Department of Physics, New York Institute of Technology, New York, New York 10023, USA and Department of Astrophysics, American Museum of Natural History, New York, New York 10024, USA.
Phys Rev E. 2020 Jan;101(1-1):012415. doi: 10.1103/PhysRevE.101.012415.

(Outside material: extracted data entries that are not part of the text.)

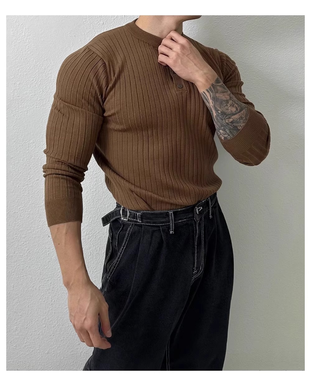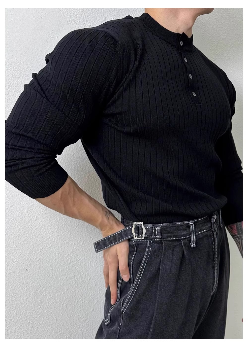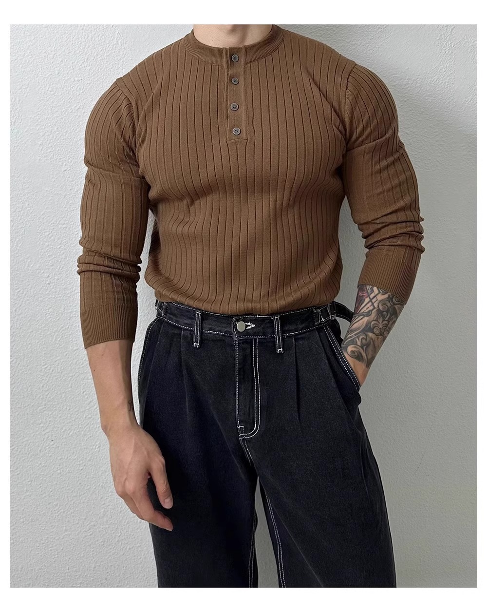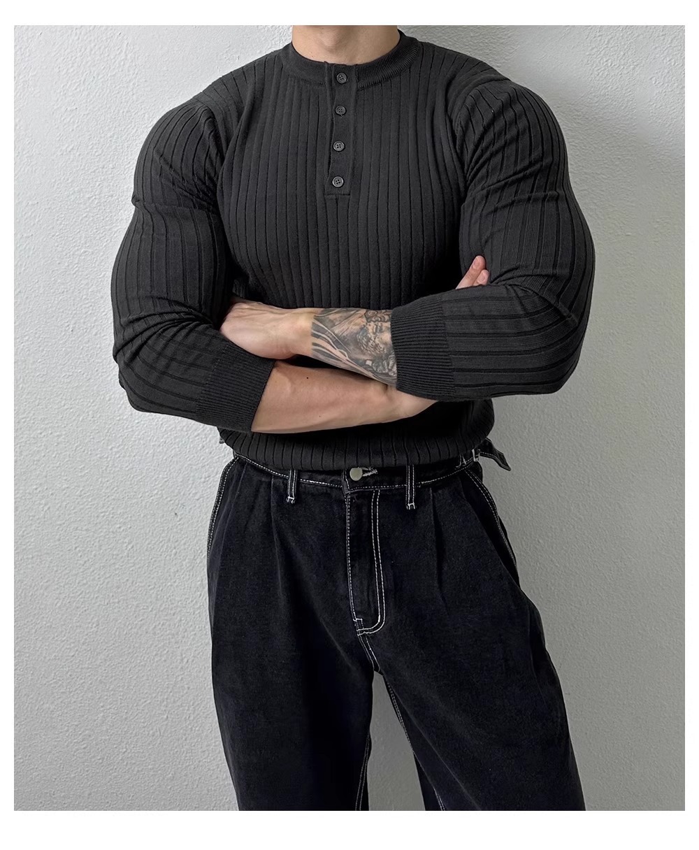 봄과 가을 새로운 스타일 헨리 칼라 긴팔 스웨터 남성 가볍고 성숙한 슬림 비즈니스 티셔츠 유행 대외 무역 국경 간 도매
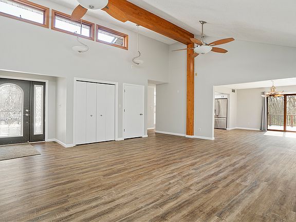 THIS QUALITY CUSTOM BUILT HOME NESTLED AMONGST GORGEOUS MATURE TREES HAS A LARGE OUTBUILDING WITH ELECTRIC. THIS LARGE 1-STORYHOME WILL DELIGHT YOU INSIDE AND OUT! A winding drive leads to this stunning property. Outside there is a multi-level deck that runs the length of the house complete with a sunken hot tub and above ground pool, an outbuilding with electric and raised flower/garden beds. The impressive inside offers a huge l living room with vaulted ceilings with decorative beam and transom windows making the space bright, next to the living room is a dining room open to kitchen. The kitchen boasts custom white cabinetry, recessed lighting, skylight & has an island. Down the hall is he MBR with full en-suite bathroom complete with large double sink vanity, tub & shower, walk-in closet and doors out to the deck so you can just sit and relax and watch the sunrise. Just across the hall are two more additional bedrooms and full bathroom. Fully exposed 1757 SF LL with walkout to a lower patio, just needs to finished for more living & entertaining space. 2 car attached garage. WAKE UP AND ENJOY WHERE YOU ARE LIVING!
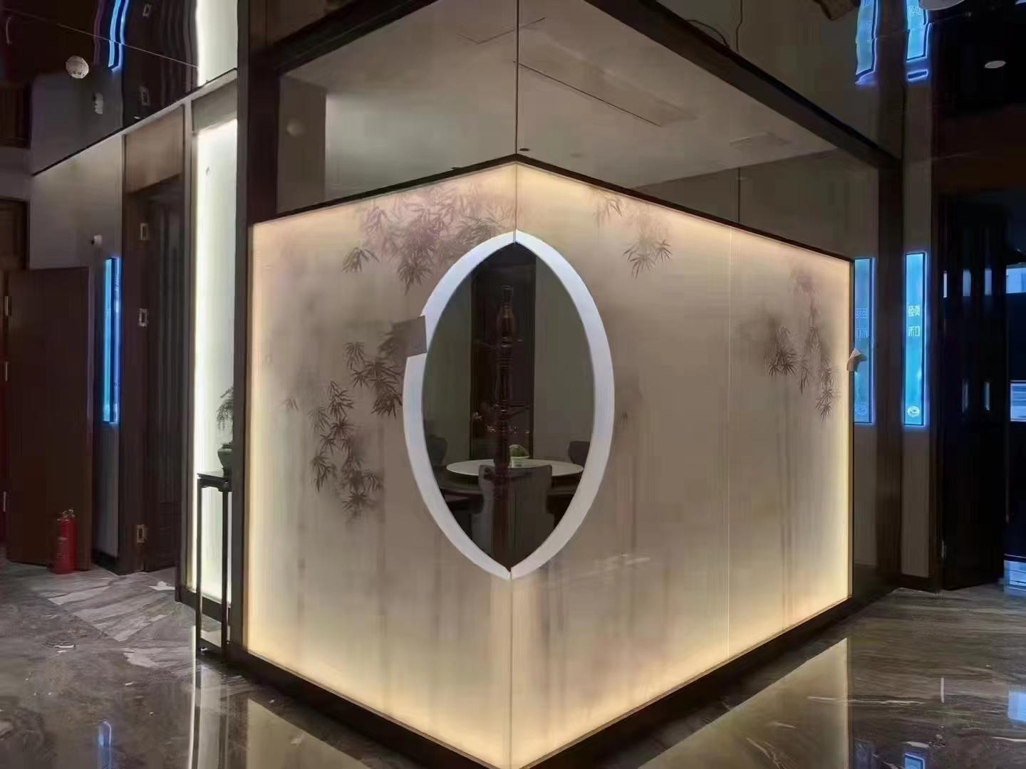 在产品特点方面,该公司的玻璃具有多样化视觉效果,可实现半透明、朦胧透、不透明、双面看、单面看等多种呈现方式,满足不同空间对通透性与私密性的需求;支持图案自由定制,花鸟、山水、抽象画、几何图形等任意图案都能设计,也可来图来样加工;拥有多种玻璃品类,涵盖夹丝、夹绢、夹画、渐变、炫彩、调光、压花、异型弯钢等系列,适配各类室内外场景。
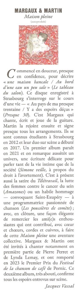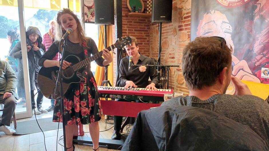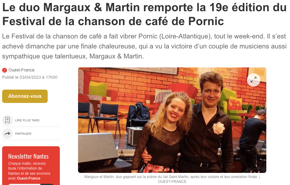 Ouest France, avril 2023 – Notre premier prix du festival de Chansons de café de Pornic relaté par Nathalie Hopkins !

A method of data assimilation (DA) is employed to estimate electrophysiological parameters of neurons simultaneously with their synaptic connectivity in a small model biological network. The DA procedure is cast as an optimization, with a cost function consisting of both a measurement error and a model error term. An iterative reweighting of these terms permits a systematic method to identify the lowest minimum, within a local region of state space, on the surface of a nonconvex cost function. In the model, two sets of parameter values are associated with two particular functional modes of network activity: simultaneous firing of all neurons and a pattern-generating mode wherein the neurons burst in sequence. The DA procedure is able to recover these modes if: (i) the stimulating electrical currents have chaotic waveforms and (ii) the measurements consist of the membrane voltages of all neurons in the circuit. Further, this method is able to prune a model of unnecessarily high dimensionality to a representation that contains the maximum dimensionality required to reproduce the provided measurements. This paper offers a proof-of-concept that DA has the potential to inform laboratory designs for estimating properties in small and isolatable functional circuits.
一种数据同化 (DA) 方法被用于同时估计小型生物网络中神经元的电生理参数及其突触连接。DA 过程被表示为一个优化问题,其代价函数由测量误差和模型误差项组成。通过迭代重新加权这些项,可以在非凸代价函数的表面上,在状态空间的局部区域内系统地找到最低的最小值。在模型中,两组参数值与网络活动的两种特定功能模式相关联:所有神经元的同时发射和神经元按顺序爆发的模式生成。如果满足以下条件,DA 过程能够恢复这些模式:(i)刺激电流具有混沌波形,(ii)测量结果由电路中所有神经元的膜电压组成。此外,该方法能够将维度过高的模型修剪到包含再现所提供测量结果所需的最大维度的表示形式。本文提供了一个概念验证,证明 DA 有可能为估计小型和可隔离功能电路中的特性提供实验室设计信息。